## Information supplied
● ● ● ● ● ● ●
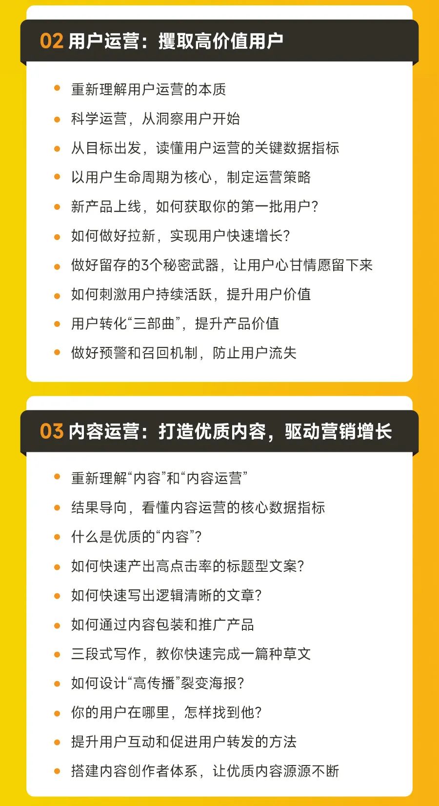 在学完这些专业知识并内化后,你可以胜任未来2-3年的运营工作!
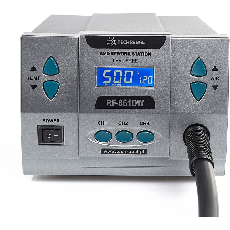 Die Präzisions-Heißluft-Lötstation Techrebal RF-861DW 1000W ist die perfekte Lösung für Elektronikfachleute. Dank ihrer leistungsstarken Turbine und der einfachen Bedienung gewährleistet dieses Gerät eine hervorragende Lötqualität, vergleichbar mit den Modellen Quick 861DW. Das digitale Display ermöglicht präzise Einstellungen, was diese Station zu einem unschätzbaren Werkzeug in jeder Werkstatt macht.
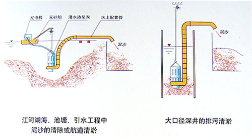 1、 整机为干式电机下泵式结构。电机采用机械密封保护,能有效地防止高压水和杂质进入电机内腔。 2、 除主叶轮外,还设有搅拌叶轮,能将沉淀于水底的淤渣搅拌成湍流后抽取出来。
● ● ● ● ● ● ●
## Work to complete
Leave the pictures out and return the rest of the listing exactly.

## Answer to this task
 在学完这些专业知识并内化后,你可以胜任未来2-3年的运营工作!
 Die Präzisions-Heißluft-Lötstation Techrebal RF-861DW 1000W ist die perfekte Lösung für Elektronikfachleute. Dank ihrer leistungsstarken Turbine und der einfachen Bedienung gewährleistet dieses Gerät eine hervorragende Lötqualität, vergleichbar mit den Modellen Quick 861DW. Das digitale Display ermöglicht präzise Einstellungen, was diese Station zu einem unschätzbaren Werkzeug in jeder Werkstatt macht.
 1、 整机为干式电机下泵式结构。电机采用机械密封保护,能有效地防止高压水和杂质进入电机内腔。 2、 除主叶轮外,还设有搅拌叶轮,能将沉淀于水底的淤渣搅拌成湍流后抽取出来。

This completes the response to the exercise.